= Vermont Public Utility Commission =

U.S. state government agency

The Vermont Public Utility Commission (formerly known as the Vermont Public Service Board) is a government agency of the State of Vermont that supervises the rates, quality of service, and overall financial management of public utilities in Vermont. Established under Title 30 of the Vermont Statutes Annotated, the Commission exercises quasi-judicial oversight of electric, natural gas, telecommunications, and private water companies. The commission also serves as the franchising authority for cable television systems in Vermont.

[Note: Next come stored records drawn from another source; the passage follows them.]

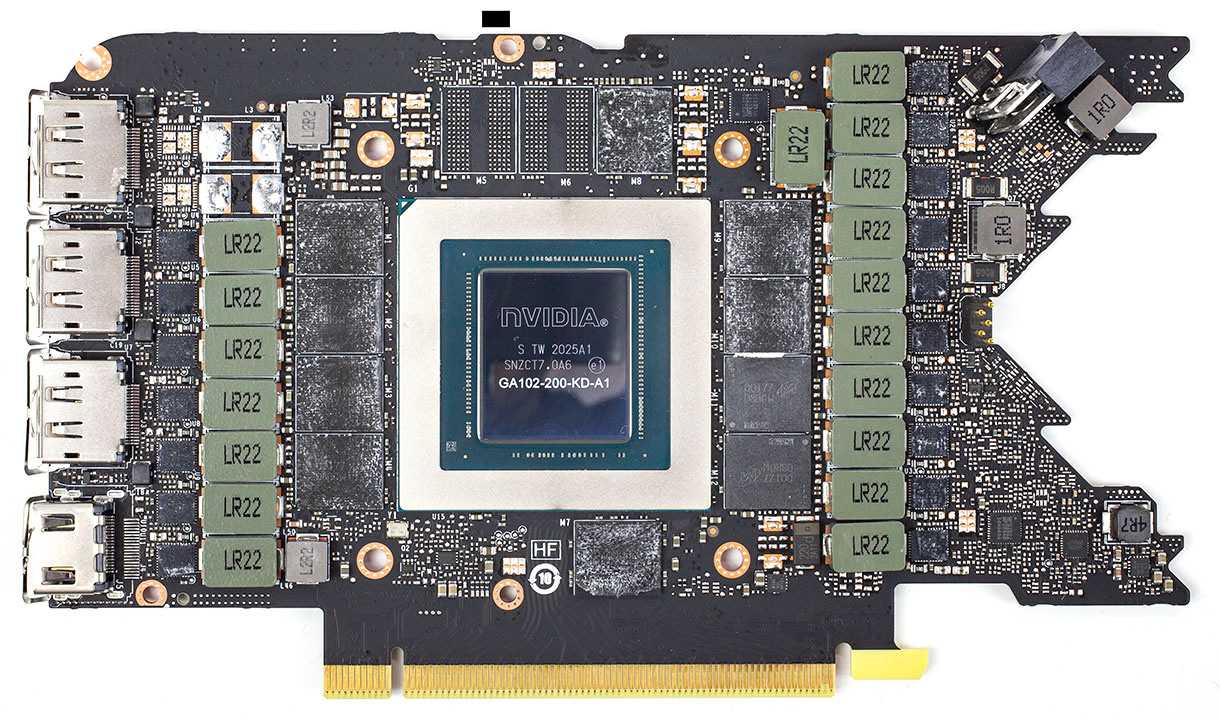 Для заряженного поколения старших графических процессоров RTX 30 на архитектуре NVIDIA Ampere выдвигаются повышенные требования к качеству регуляторов напряжения самого чипа и видеопамяти, увеличив число мосфетов до 18 по формуле «15+3» (GPU/Mem), управляемые ШИМ-контроллерами Monolithic Power Systems MP2884B, MP2886B и MP2888B.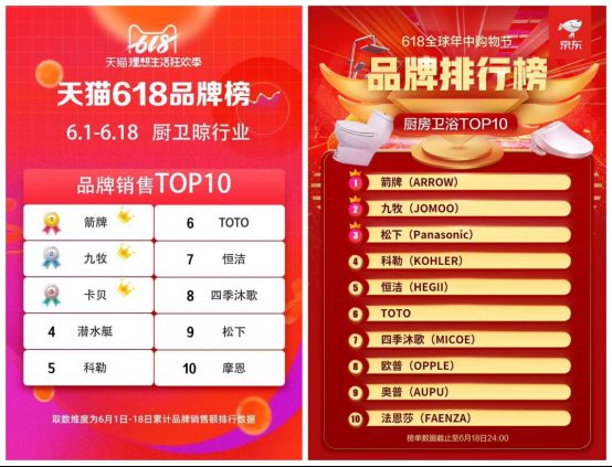 箭牌卫浴618超级战报:夺得天猫、京东双冠军,战绩再创新高!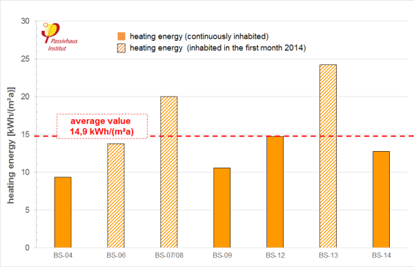 Figure 2 shows consumption of heating energy in the residential buildings by complex along with the average area-weighted values. Different boundary weather conditions in the next year under review are expected to produce slightly different results; furthermore, 2015 will be the first year of complete usage throughout the year, and the one-off effects from the first year will be over. One focal point will be on whether the two higher consumption values(20 and 24 kWh/(m²a), respectively) change under full occupancy. In any case, even these levels are very low and cannot be seen as problematic.

In addition, the Commission reviews environmental and economic impacts of proposals to purchase energy supply or build new energy facilities; monitors the safety of hydroelectric dams; evaluates the financial aspects of nuclear plant decommissioning and radioactive waste storage; reviews rates paid to independent power producers; and oversees the statewide Energy Efficiency Utility programs.

The Commission comprises a chairman and two Commissioners, all of whom are nominated by the Vermont Judicial Nominating Board, appointed by the Governor of Vermont and confirmed by the Vermont Senate. The chairman and Commissioners serve staggered six-year terms. The commission's office is located at 112 State Street in Montpelier, Vermont.

The current chairman is Edward McNamara (term expires 2029).

Current Commissioners are Margaret Cheney (term expires 2025) and Riley Allen (term expires 2027).

== New name ==

The Public Service Board name changed in 2017 to the Public Utility Commission effective July 1, 2017. The new name more clearly reflects its existing statutory responsibilities and clarifies the difference between the commission and the separate state agency known as the Vermont Public Service Department.